The purpose of the study is to assess and evaluate dosimetry, safety, and tolerability following administration of up to 12 cycles of (177Lu) vipivotide tetraxetan (also referred to as [177Lu]Lu-PSMA-617 or 177Lu-PSMA-617 and hereafter identified as AAA617) in taxane-naïve adult participants with PSMA-positive mCRPC who progressed on a prior ARPI treatment with normal renal function or mild renal impairment (eGFR ≥ 60ml/min).

Description

The study includes screening period, treatment period, and a post-treatment follow-up period.

Screening Period: Approximately 106 participants will be enrolled to receive up to12 consecutive cycles of AAA617. Potential participants will be assessed for eligibility by verifying their baseline PSMA PET scan for mandatory confirmation of PSMA positivity prior to first cycle by local review.

Treatment Period: Eligible participants will be treated with up to 12 cycles of 7.4 GBq AAA617 intravenously every 6 weeks, until radiographic progression, toxicity leading to treatment discontinuation, death, loss to follow-up, or withdrawal of consent, whichever occurs first. During treatment period, all participants who complete the initial 6 cycles of AAA617 treatment will undergo an additional PSMA-PET scan after Cycle 6 to re-assess PSMA expression level and to reassess eligibility of participants to receive additional AAA617 treatment cycles.

Post-Treatment Follow-Up: All participants will undergo a PSMA-PET scan at end of treatment (EOT). The post-treatment follow-up period will consist of EOT; 42-days safety; EOT RLI; safety, survival and rPFS follow-up visits.

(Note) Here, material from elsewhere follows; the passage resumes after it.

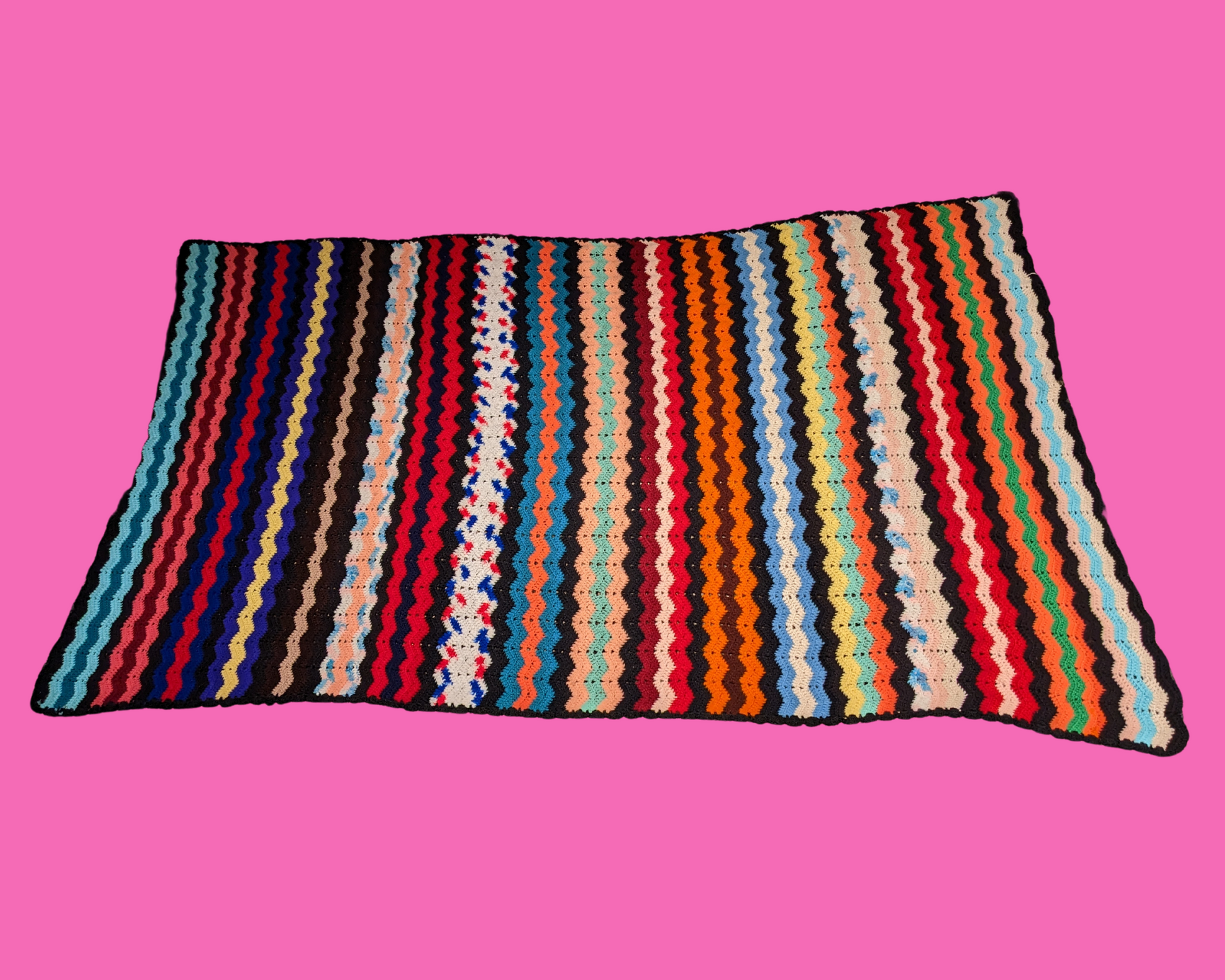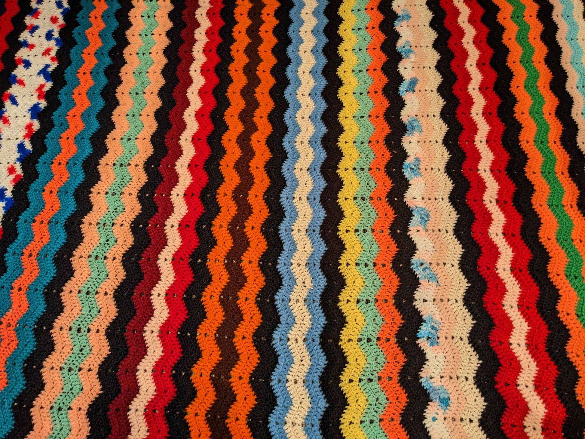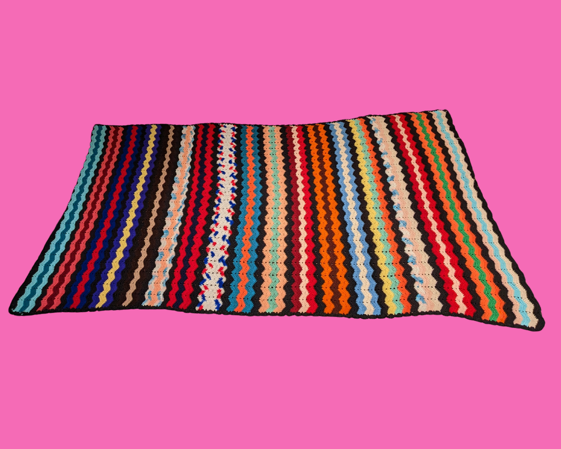 • Couverture en crochet acrylique vert, jaune et blanc vintage des années 1960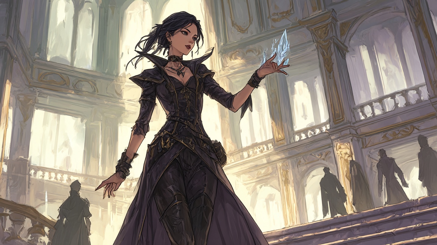 Cassandra Silvernight’s abilities are a rare blend of innate sorcery and disciplined arcane study. Most mages lean toward one path or the other. Cassandra walks both with equal precision. Her natural magic manifests through emotion and instinct, particularly in the realms of shadow, illusion, and charm. These instincts give her an intuitive grasp of subtle spellwork, allowing her to react faster than most trained casters. Where another wizard might need to shape a full incantation, Cassandra can twist a shadow or bend a reflection with nothing more than a thought sharpened by experience. Her formal studies refined these instincts into formidable technique. Cassandra spent decades absorbing arcane theory, practicing spell geometry, and mastering the structure behind illusions that deceive not only the eye but the mind interpreting it. She excels at spells designed to misdirect, conceal, or manipulate perception. Walls become doorways. Silence becomes cover. A crowd becomes camouflage. Her illusions are precise enough to withstand scrutiny from trained operatives and delicate enough to hold together under the weight of rapid improvisation. Infiltration is an art, and Cassandra’s spellwork performs like brushstrokes rather than blunt tools. Beyond illusion she wields a powerful affinity for shadow magic that ties naturally into her temperament and training. These abilities are not rooted in darkness as malice but in darkness as concealment, protection, and quiet potency. She can slip through dim spaces with unnatural ease, mute her presence, and anchor her spells in places most casters overlook. Even when exposed to bright environments she can create micro shadows as anchors for her abilities, giving her mobility and stealth in scenarios where ordinary concealment fails. Her fear of the dark does not lessen her command over it. If anything, the tension sharpens her magic further. Her talents extend into non magical realms as well. Cassandra possesses a near perfect sense of spatial awareness, balance, and timing, the result of centuries spent navigating unfamiliar terrain both physical and social. She can read a room in seconds, anticipate a guard’s patrol pattern after a single rotation, or dismantle a complex lock with calm, practiced efficiency. Her appraisal skills are legendary among those who know her. She can identify forged documents, counterfeit gems, and misattributed artifacts with unsettling accuracy, a talent shaped by equal parts study, field experience, and sheer perceptiveness. All of these abilities work together to form her greatest strength. Cassandra does not overpower obstacles. She outthinks them. She outmaneuvers them. She sees angles others miss and exploits them with gentle precision. Whether she is dismantling a conspiracy, slipping through a guarded estate, or calming a volatile situation with a single well chosen word, Cassandra’s abilities are defined by focus rather than force. She is not the blade that cleaves through danger. She is the quiet hand that redirects it.

The planned duration of treatment period is up to 74 weeks with treatment given every 6 weeks. Participants may be discontinued from treatment earlier due to unacceptable toxicity or disease progression, and/or at the discretion of the Investigator or the participant.

Eligibility

Key Inclusion Criteria:

  • Signed informed consent must be obtained prior to participation in the study.
  • Participants must be adults ≥ 18 years of age.
  • Participants must have an ECOG performance status ≤ 1.
  • Participants must have histological confirmation of adenocarcinoma of the prostate.
  • Participants must be PSMA-positive per 68Ga-PSMA PET/CT scans at baseline
  • Participants must have a castrate level of serum/plasma testosterone (< 50 ng/dL or < 1.7 nmol/L) either by pharmaceutical or surgical methods.
  • Participants must have progressed only once on prior second generation ARPIs
  • Documented progressive mCRPC
  • Participants must have ≥ 1 metastatic lesion by conventional imaging that is present on screening/baseline CT, MRI, or bone scan
  • Renal: eGFR ≥ 60 mL/min/1.73m2 using the Chronic Kidney Disease Epidemiology Collaboration (CKD-EPI) equation.
  • Participants must have recovered to ≤ Grade 2 from all clinically significant toxicities related to prior therapies except alopecia.

Key exclusion Criteria:

  • Previous treatment with any of the following within 6 months of study enrollment: Strontium 89, Samarium-153, Rhenium-186, Rhenium-188, Radium-223, hemi-body irradiation
  • Any previous radioligand therapy.
  • Prior treatment with cytotoxic chemotherapy for metastatic castration-resistant or metastatic hormone-sensitive prostate cancer (mHSPC) (e.g., taxanes, platinum, estramustine, vincristine, methotrexate, etc.), immunotherapy or biological therapy [including monoclonal antibodies]. [Note: Taxane exposure (maximum 6 cycles) in the adjuvant or neoadjuvant setting is allowed if 12 months have elapsed since completion of this adjuvant or neoadjuvant therapy. Prior treatment with sipuleucel-T is allowed].
  • Concurrent therapies: cytotoxic chemotherapy, immunotherapy, radioligand therapy, PARP inhibitor, biological, or investigational therapy
  • History of myocardial infarction (MI), angina pectoris, or coronary artery bypass graft (CABG) within 6 months prior to ICF signature and/or clinically active significant cardiac disease
  • Concurrent serious acute or chronic nephropathy and/or moderate to severe renal impairment as determined by the principal investigator.
  • Diagnosed with other active malignancies that are expected to alter life expectancy or may interfere with disease assessment
  • Sexually active males unwilling to use a condom during intercourse while taking study treatment and for 14 weeks after stopping study treatment.
  • Concurrent urinary outflow obstruction or unmanageable urinary incontinence
  • History of somatic or psychiatric disease/condition that may interfere with the aims and assessments of the study.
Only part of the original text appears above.